For every record that follows, transcribe the text exactly and leave any image out.

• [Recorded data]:
=== Begin Enclosure ===
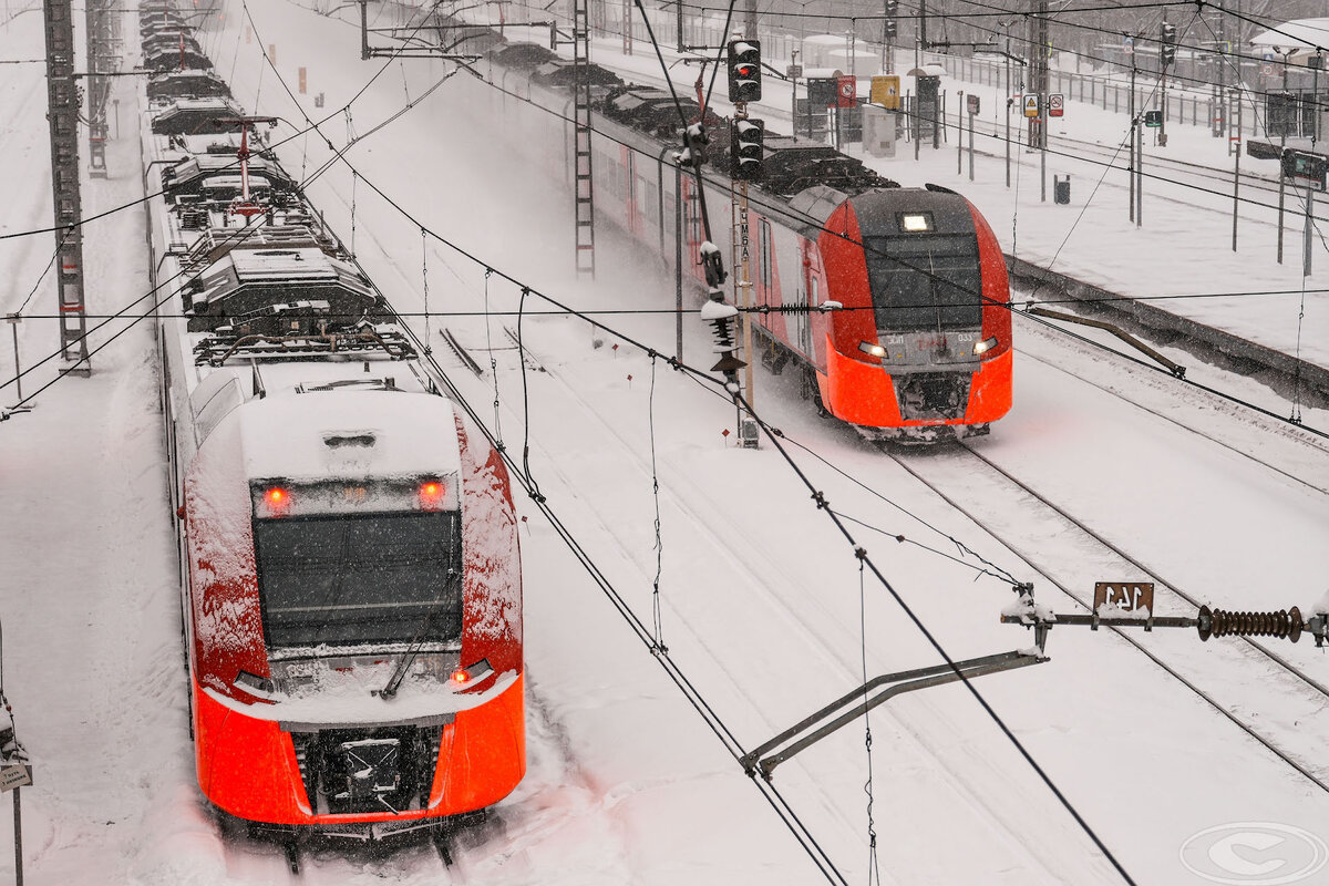 Ну что, друзья, неплохо сегодня поднакидало нам снега в столице, а ожидают еще и морозы дней на десять вперед, так что веселье только начинается. Тяжело придется и общественному транспорту в целом, и электротранспорту в особенности: где-то ТЗУ импортное замерзнет, где-то контактная сеть обледенеет. Так что сервисным службам готовность номер раз... Однако есть и позитивные моменты. В такую погоду железные дороги выглядят как-то особенно. Проезжающий поезд окутывает платформы снежным бураном, обледеневший подвижной состав как кит, покрытый ледяной шугой. Ну и нам приятно видеть, как наша продукция, например, токоприемник "ЛA 19-СЭТ 160 1200" успешно справляется с поставленными задачами на электропоезде "Ласточка". В нашей компании есть не только ученые и инженеры, как видите, но даже фотографы, которые смело бросаются в снежную кашу, чтобы сделать пару интересных снимков подвижного состава. Например, эти "Ласточки" на станции Кусково "Четвертого диаметра". Кстати, вы знали, что в некотор
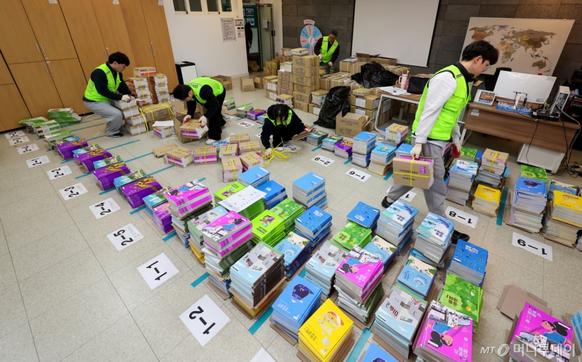 ![[대구=뉴시스] 이무열 기자 = 9일 대구 동구 대구관광고등학교에서 대구학교지원센터 관계자들이 신학기를 앞두고 학생들에게 배부할 교과서 분류 작업을 하고 있다. 2026.02.09. lmy@newsis.com /사진=이무열](https://thumb.mt.co.kr/cdn-cgi/image/f=avif/21/2026/02/2026021209301828377_1.jpg)
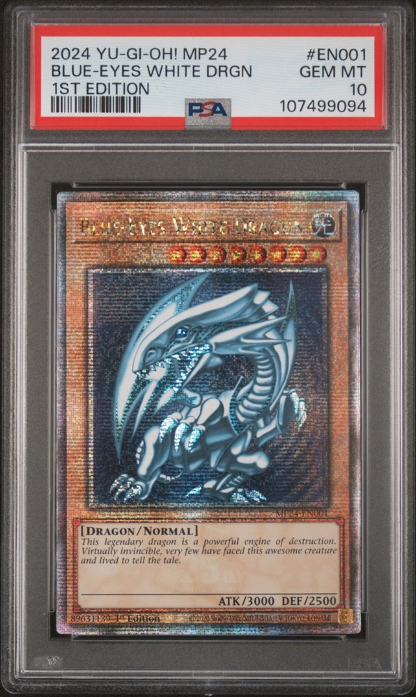 2024 YU-GI-OH! MP24-25TH ANNIVERSARY TIN: DUELING MIRRORS 1ST EDITION #EN001 BLUE-EYES WHITE DRAGON PSA 10 2024 YU-GI-OH! MP24-25TH ANNIVERSARY TIN: DUELING MIRRORS 1ST EDITION #EN001 BLUE-EYES WHITE DRAGON PSA 10 Purchase Info Thank you for your interest in this item consigned with PSA! By purchasing or making an offer on this item, you acknowledge and agree to the following terms: All sales are final. Returns not accepted. Payment must be made upon purchase of the item. All items are sold "as is" and without warranty of Collectors Universe, Inc. (d/b/a PSA), and ANY AND ALL IMPLIED WARRANTIES ARE DISCLAIMED AND EXCLUDED. Sales tax may apply depending on shipping address. PSA does not guarantee that another third-party grading company's authentication or certification of an item as genuine is correct or accurate. Neither a difference of opinion between third-party grading companies about authenticity, nor a company's subsequent reversal of its earlier authentication or certification of an item, will be a basis for rescinding a sale. Any dispute with another third-party grading company relating to the authenticity of an item must be resolved directly with that other company. Collectors' maximum liability in the event of loss or damage to an item during shipping will be the lesser of (a) the price paid for the item and (b) the change in fair market value of the item. You release Collectors from all other liability including for any claims of punitive damages, emotional distress, consequential damages, lost profits, or lost interest, except as prohibited by law. Shipping Purchased Items will be shipped directly from PSA Vault. You stay hands-free. PSA Vault When you purchase this item, you can save on sales tax and selling fees by keeping it in the PSA Vault, official Vault of eBay. Items already in PSA Vault and will be sent to PSA Vault will have no shipping charge Storage of any items with the PSA Vault will be subject to the PSA Vault Terms of Service. Consignment PSA has competitive rates on the world's largest collectibles marketplace with the option to list from the PSA Vault or immediately after PSA authentication and grading. Sale Price Under $100 $100 - $499 $500 - $999 $1,000 - $2,499 $2,500 - $4,999 $5,000+ Seller Fee 16% 14% 13% 10% 9% 7% Sellers pay a single fee as reflected above; no additional eBay fees are incurred. There is a $5 minimum fee on sold items.
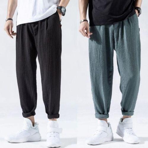면 린넨 캐주얼 하렘 팬츠 남성 조거 팬츠 남성 여름 바지 남성 중국 스타일 배기 팬츠 2025 하라주쿠 의류
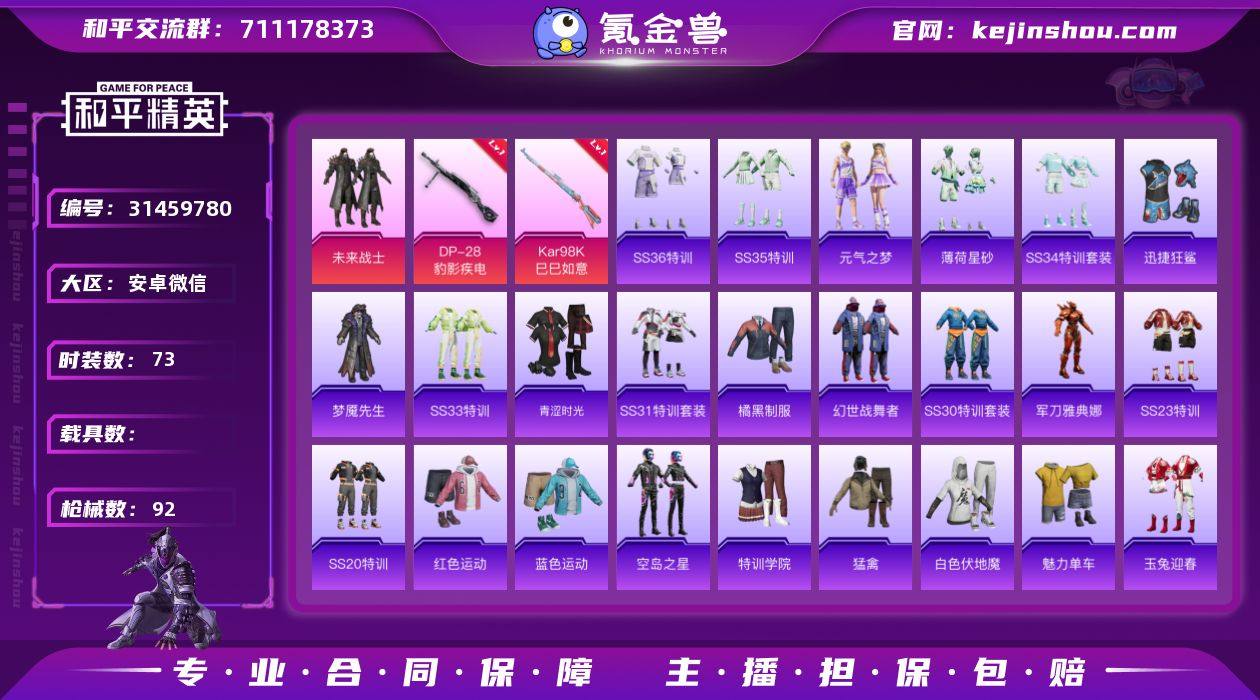 可二次实名【迅捷狂鲨2特效枪1粉装 V社交 游戏正常】 安卓V区-24771热力值-1印记-73套装-92枪皮 【1粉装】 未来战士【2特效枪】 Kar98K-巳巳如意(4级) DP-28-豹影疾电(5级)【76热门】 梦魇先生 迅捷狂鲨 军刀雅典娜 白色伏地魔 SS27特训 SS26特训 SS25特训 SS24特训 SS23特训 SCAR-L-玉兔迎春 GROZA-2B战斗服款 Mk47-乌木金纹 SKS-糯团青竹 UMP45-蓝色火焰 M249-彩虹符号 MG3-幻世战舞者 M416-蓝色火焰 长空猛禽 特训学院 青涩时光 霓虹街区 魅力单车 蓝色运动 橘黑制服 漫步者 红色运动 纯真浪花 MG-36-薄荷星砂 SS34特训 大橘大利 SS20特训 SS21特训 SS30特训 ACE32-冰晶雪宝 SS28特训 海盐绵绵冰 SS31特训 SS33特训 SS32特训 巳巳如意 蜜獾-精灵梦叶罗丽 焰鹰斗篷 SS36特训 热情海星 湖雨初晴 玩偶服-卖崽青蛙 战术大师 银尘 短管霰弹-星穹咏叹调 大砍刀-黑金刀 Kar98K-彩虹符号 撬棍-幻世战舞者 MG3-乌木金纹 AKM-涂鸦街区 烟雾弹-冰氧夏日 SS35特训 薄荷星砂 元气之梦 AUG-异域银装 信号枪-异瞳寒姬 SLR-霓彩脉冲 UMP45-极意拳锋 沙漠之鹰-快闪甜心 平底锅-空岛之星 平底锅-焰鹰斗篷 P90-巳巳如意 平底锅-快闪甜心 平底锅-惊鸿侠骨 SCAR-L-海盐豹豹 破片手榴弹-呆爆全场 QBZ-纯真浪花 AWM-纯真浪花 元素星魂 汤姆逊-纯真浪花 AA12-G-纯真浪花 平底锅-纯真浪花【1飞行器】 火焰蝠人飞行服【13背包】 快闪甜心背包(3级) 猪猪侠背包(3级) 焰鹰斗篷背包(3级) 2P战斗服款背包(3级) 夜幕颂歌背包(3级) 精灵梦叶罗丽背包(3级) 冰河战士背包(3级) 智谋强哥背包(3级) 仲夏莫吉托背包(3级) 狂鲨锋刃背包(3级) 霓虹街区背包(3级) 龙的传人背包(3级) 闲梦青缨背包(3级) 营地ID:961748379
=== End Enclosure ===
• [Response to this task]:
 Ну что, друзья, неплохо сегодня поднакидало нам снега в столице, а ожидают еще и морозы дней на десять вперед, так что веселье только начинается. Тяжело придется и общественному транспорту в целом, и электротранспорту в особенности: где-то ТЗУ импортное замерзнет, где-то контактная сеть обледенеет. Так что сервисным службам готовность номер раз... Однако есть и позитивные моменты. В такую погоду железные дороги выглядят как-то особенно. Проезжающий поезд окутывает платформы снежным бураном, обледеневший подвижной состав как кит, покрытый ледяной шугой. Ну и нам приятно видеть, как наша продукция, например, токоприемник "ЛA 19-СЭТ 160 1200" успешно справляется с поставленными задачами на электропоезде "Ласточка". В нашей компании есть не только ученые и инженеры, как видите, но даже фотографы, которые смело бросаются в снежную кашу, чтобы сделать пару интересных снимков подвижного состава. Например, эти "Ласточки" на станции Кусково "Четвертого диаметра". Кстати, вы знали, что в некотор
 ![[대구=뉴시스] 이무열 기자 = 9일 대구 동구 대구관광고등학교에서 대구학교지원센터 관계자들이 신학기를 앞두고 학생들에게 배부할 교과서 분류 작업을 하고 있다. 2026.02.09. lmy@newsis.com /사진=이무열](https://thumb.mt.co.kr/cdn-cgi/image/f=avif/21/2026/02/2026021209301828377_1.jpg)
 2024 YU-GI-OH! MP24-25TH ANNIVERSARY TIN: DUELING MIRRORS 1ST EDITION #EN001 BLUE-EYES WHITE DRAGON PSA 10 2024 YU-GI-OH! MP24-25TH ANNIVERSARY TIN: DUELING MIRRORS 1ST EDITION #EN001 BLUE-EYES WHITE DRAGON PSA 10 Purchase Info Thank you for your interest in this item consigned with PSA! By purchasing or making an offer on this item, you acknowledge and agree to the following terms: All sales are final. Returns not accepted. Payment must be made upon purchase of the item. All items are sold "as is" and without warranty of Collectors Universe, Inc. (d/b/a PSA), and ANY AND ALL IMPLIED WARRANTIES ARE DISCLAIMED AND EXCLUDED. Sales tax may apply depending on shipping address. PSA does not guarantee that another third-party grading company's authentication or certification of an item as genuine is correct or accurate. Neither a difference of opinion between third-party grading companies about authenticity, nor a company's subsequent reversal of its earlier authentication or certification of an item, will be a basis for rescinding a sale. Any dispute with another third-party grading company relating to the authenticity of an item must be resolved directly with that other company. Collectors' maximum liability in the event of loss or damage to an item during shipping will be the lesser of (a) the price paid for the item and (b) the change in fair market value of the item. You release Collectors from all other liability including for any claims of punitive damages, emotional distress, consequential damages, lost profits, or lost interest, except as prohibited by law. Shipping Purchased Items will be shipped directly from PSA Vault. You stay hands-free. PSA Vault When you purchase this item, you can save on sales tax and selling fees by keeping it in the PSA Vault, official Vault of eBay. Items already in PSA Vault and will be sent to PSA Vault will have no shipping charge Storage of any items with the PSA Vault will be subject to the PSA Vault Terms of Service. Consignment PSA has competitive rates on the world's largest collectibles marketplace with the option to list from the PSA Vault or immediately after PSA authentication and grading. Sale Price Under $100 $100 - $499 $500 - $999 $1,000 - $2,499 $2,500 - $4,999 $5,000+ Seller Fee 16% 14% 13% 10% 9% 7% Sellers pay a single fee as reflected above; no additional eBay fees are incurred. There is a $5 minimum fee on sold items.
면 린넨 캐주얼 하렘 팬츠 남성 조거 팬츠 남성 여름 바지 남성 중국 스타일 배기 팬츠 2025 하라주쿠 의류
 可二次实名【迅捷狂鲨2特效枪1粉装 V社交 游戏正常】 安卓V区-24771热力值-1印记-73套装-92枪皮 【1粉装】 未来战士【2特效枪】 Kar98K-巳巳如意(4级) DP-28-豹影疾电(5级)【76热门】 梦魇先生 迅捷狂鲨 军刀雅典娜 白色伏地魔 SS27特训 SS26特训 SS25特训 SS24特训 SS23特训 SCAR-L-玉兔迎春 GROZA-2B战斗服款 Mk47-乌木金纹 SKS-糯团青竹 UMP45-蓝色火焰 M249-彩虹符号 MG3-幻世战舞者 M416-蓝色火焰 长空猛禽 特训学院 青涩时光 霓虹街区 魅力单车 蓝色运动 橘黑制服 漫步者 红色运动 纯真浪花 MG-36-薄荷星砂 SS34特训 大橘大利 SS20特训 SS21特训 SS30特训 ACE32-冰晶雪宝 SS28特训 海盐绵绵冰 SS31特训 SS33特训 SS32特训 巳巳如意 蜜獾-精灵梦叶罗丽 焰鹰斗篷 SS36特训 热情海星 湖雨初晴 玩偶服-卖崽青蛙 战术大师 银尘 短管霰弹-星穹咏叹调 大砍刀-黑金刀 Kar98K-彩虹符号 撬棍-幻世战舞者 MG3-乌木金纹 AKM-涂鸦街区 烟雾弹-冰氧夏日 SS35特训 薄荷星砂 元气之梦 AUG-异域银装 信号枪-异瞳寒姬 SLR-霓彩脉冲 UMP45-极意拳锋 沙漠之鹰-快闪甜心 平底锅-空岛之星 平底锅-焰鹰斗篷 P90-巳巳如意 平底锅-快闪甜心 平底锅-惊鸿侠骨 SCAR-L-海盐豹豹 破片手榴弹-呆爆全场 QBZ-纯真浪花 AWM-纯真浪花 元素星魂 汤姆逊-纯真浪花 AA12-G-纯真浪花 平底锅-纯真浪花【1飞行器】 火焰蝠人飞行服【13背包】 快闪甜心背包(3级) 猪猪侠背包(3级) 焰鹰斗篷背包(3级) 2P战斗服款背包(3级) 夜幕颂歌背包(3级) 精灵梦叶罗丽背包(3级) 冰河战士背包(3级) 智谋强哥背包(3级) 仲夏莫吉托背包(3级) 狂鲨锋刃背包(3级) 霓虹街区背包(3级) 龙的传人背包(3级) 闲梦青缨背包(3级) 营地ID:961748379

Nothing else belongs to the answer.